Task to complete :: Retype the data below exactly; skip every image.

Dataset excerpt ::
== == ==

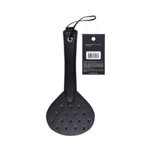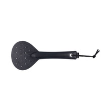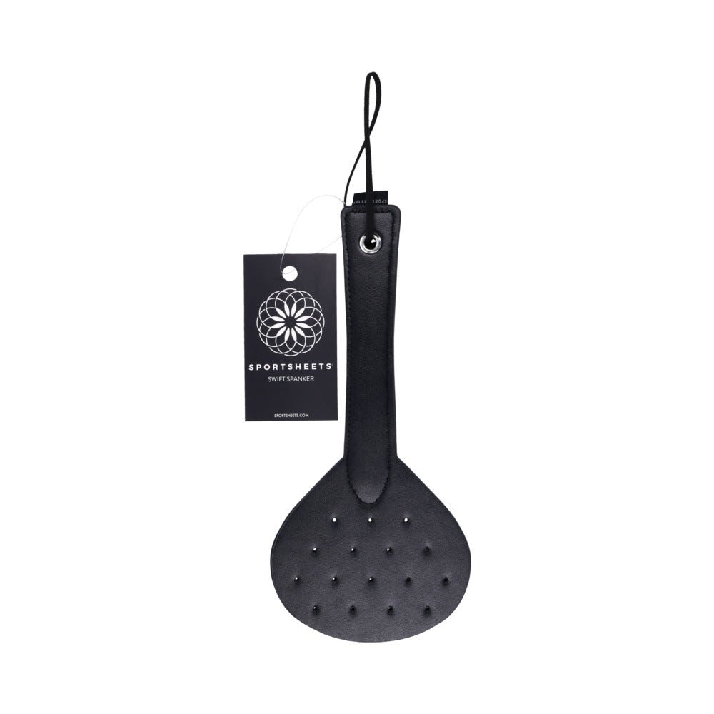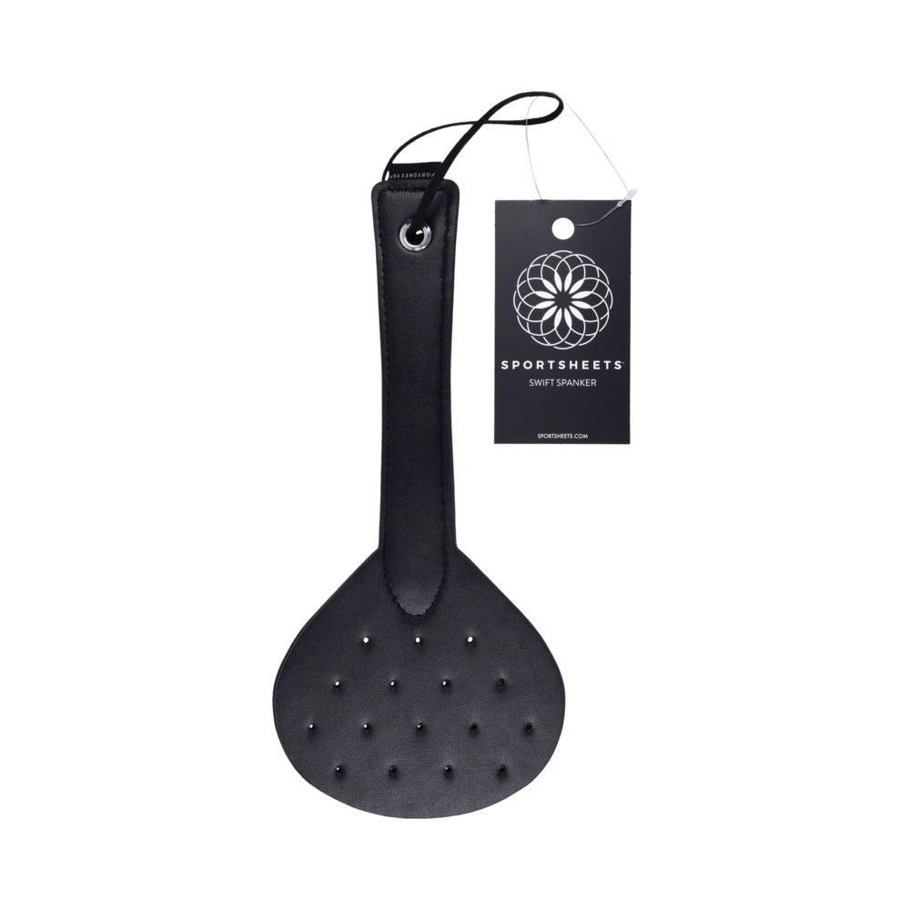 Seize control and ignite fresh excitement with the beguiling sensations and endearing smacks of the Swift Spanker. Perforated with holes scattered across the split tipped edge for reduced resistance and a satisfying smack strong enough to leave dotted patterns across the body. Use it to enact the perfect punishments or for pleasurable pats with swift accuracy to keep your partner on edge with anticipation.Features 11.5in. long paddle with looped handle Perforated for less air resistance with each swing Split tip faux leather spanker Materials: 90% PU, 5% Iron, 5% Microfiber
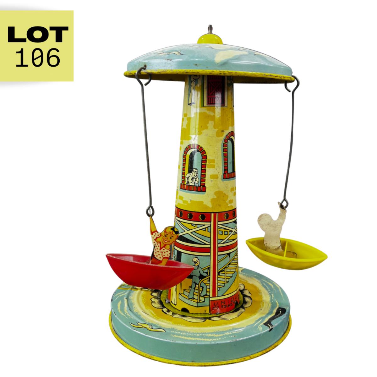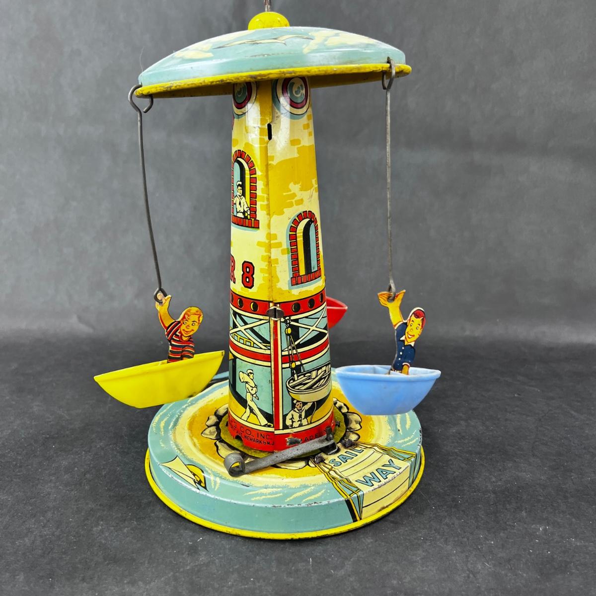 A great Vintage Tin Lithograph toy by Unique Art. This toy was produced in the mid 1900s. When you use the lever the boats spin around the lighthouse with their happy passengers inside. **Works, Video of Function on YouTube Video, Has Key** Please see photos for details and condition. **|** ::: Shipping is available on this lot. If you require shipping you must let us know at the close of the auction. We will coordinate with you after the item has been won. Shipping fees will include insurance up to or exceeding the value of all items being mailed. If you have any questions regarding this lot please contact the auctioneer either via this website, by direct email or by phone. PICK UP TIMES and other important information can be found in the TERMS and DESCRIPTION of the auction. Please take a look for pertinent information. Thanks!
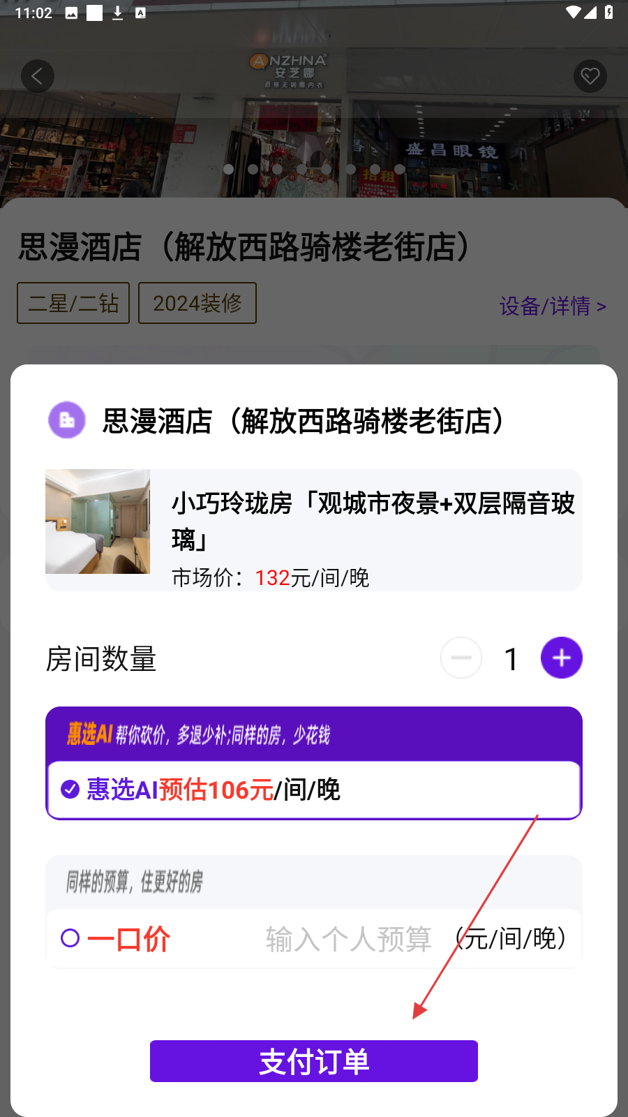 4、确认房间数量、价格,选【支付订单】完成酒店预订。
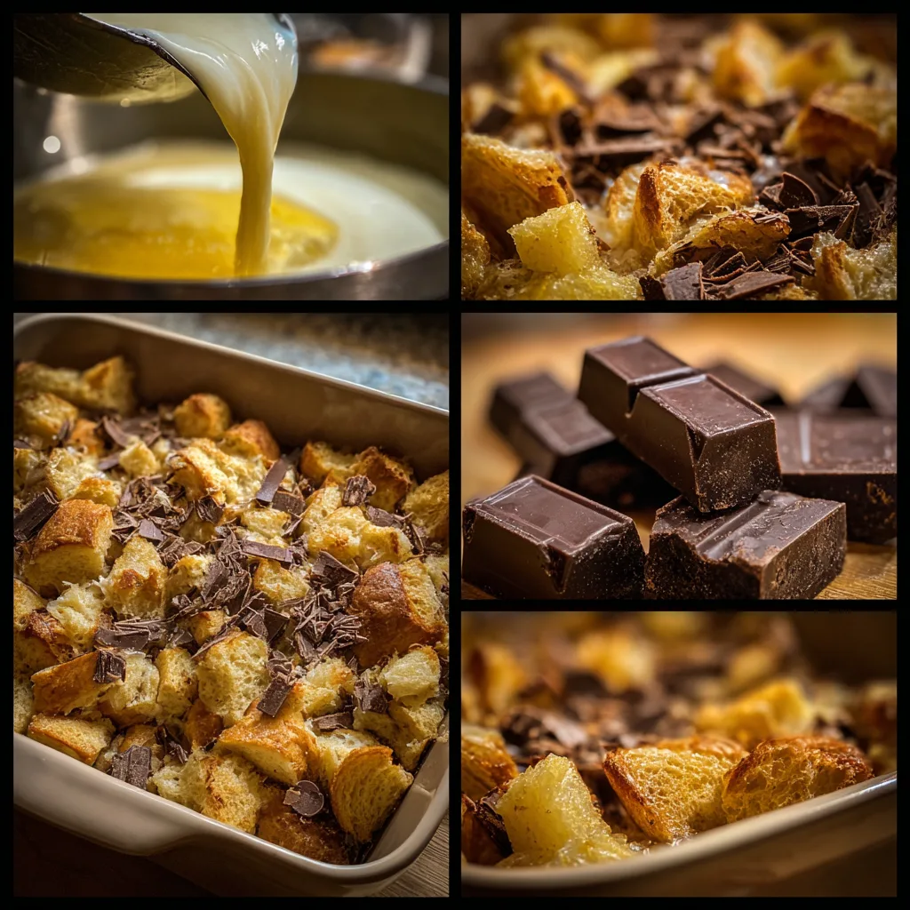 A rich and indulgent dessert made with chunks of bread soaked in a dark chocolate custard, then baked until soft and gooey inside with a slightly crisp top.

== == ==

Response box ::
 Seize control and ignite fresh excitement with the beguiling sensations and endearing smacks of the Swift Spanker. Perforated with holes scattered across the split tipped edge for reduced resistance and a satisfying smack strong enough to leave dotted patterns across the body. Use it to enact the perfect punishments or for pleasurable pats with swift accuracy to keep your partner on edge with anticipation.Features 11.5in. long paddle with looped handle Perforated for less air resistance with each swing Split tip faux leather spanker Materials: 90% PU, 5% Iron, 5% Microfiber
 A great Vintage Tin Lithograph toy by Unique Art. This toy was produced in the mid 1900s. When you use the lever the boats spin around the lighthouse with their happy passengers inside. **Works, Video of Function on YouTube Video, Has Key** Please see photos for details and condition. **|** ::: Shipping is available on this lot. If you require shipping you must let us know at the close of the auction. We will coordinate with you after the item has been won. Shipping fees will include insurance up to or exceeding the value of all items being mailed. If you have any questions regarding this lot please contact the auctioneer either via this website, by direct email or by phone. PICK UP TIMES and other important information can be found in the TERMS and DESCRIPTION of the auction. Please take a look for pertinent information. Thanks!
 4、确认房间数量、价格,选【支付订单】完成酒店预订。
 A rich and indulgent dessert made with chunks of bread soaked in a dark chocolate custard, then baked until soft and gooey inside with a slightly crisp top.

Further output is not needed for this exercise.